# sub/placement direction in hatch



## heydude348 (Apr 8, 2012)

I am going with 2 JL 10W7 in a sealed enclosure. In the hatch of a 2000 Integra. Will be fabricating a fiberglass enclosure. Something firing say at about a 35-45 degree inward.Question is, at what direction(front/back/inward) would give the best sound from the sub. I've heard toward the back and let the sound "bounce' off the back. Fire upward off the hatch,etc. Any ideas and/or pics would be great.


----------



## djbreal87 (Jun 24, 2012)

After extensive research I have learned that the Bass will not "bounce" off of anything. Bass is a different wave compared to regular sound, where sound bounces off of walls, windows, etc. Bass will "go through" it with little resistance. I drive a hatchback as well, 2004 mitsubishi eclipse, I am also building a custom MDF/Fiberglass enclosure for my trunk, I am reverse mounting the subs, with magnets out facing the front. Have no fear, no special positioning will yield any distinctive audible results


----------



## crispin (May 23, 2011)

djbreal87 said:


> After extensive research I have learned that the Bass will not "bounce" off of anything. Bass is a different wave compared to regular sound, where sound bounces off of walls, windows, etc. Bass will "go through" it with little resistance. I drive a hatchback as well, 2004 mitsubishi eclipse, I am also building a custom MDF/Fiberglass enclosure for my trunk, I am reverse mounting the subs, with magnets out facing the front. Have no fear, no special positioning will yield any distinctive audible results


I respectfully disagree, I have owned a few hatchbacks plus installed a few systems in other hatchbacks.

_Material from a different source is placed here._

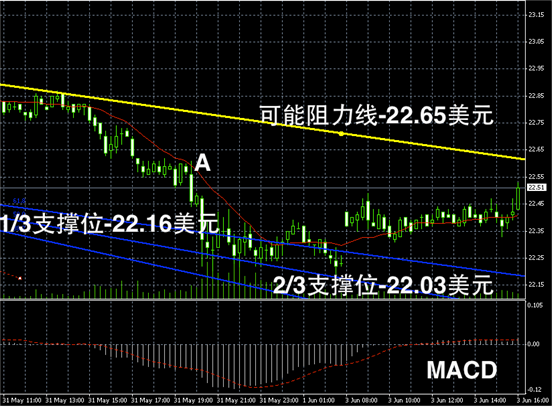 白银阴阳烛录得末端有小幅反弹,柱体开始小幅高于红色日平均移动线,短线MACD显示多头缓慢增加,未来或可能小幅上扬,高位阻力可参考阴烛A的最高价。若突破,则可能继续上行,否则或回落。

Firing the subs facing to the rear will give more bass. Firing them forward gives less bass.

Firing them up sometimes sounds good but often gives more trunk rattle. Firing them into the rear corner often sounds the best but takes up the most room.


----------



## djbreal87 (Jun 24, 2012)

Alright, well after further looking into it, I was wrong, and I am sorry. Found this article thats fairly straight forward, and talks about placement in a hatchback. Check it out.

Car Audio Cabin Gain Transfer Function


----------



## Pimpnyou204 (Jul 13, 2011)

Sub up and port back was best in my friends versa.


----------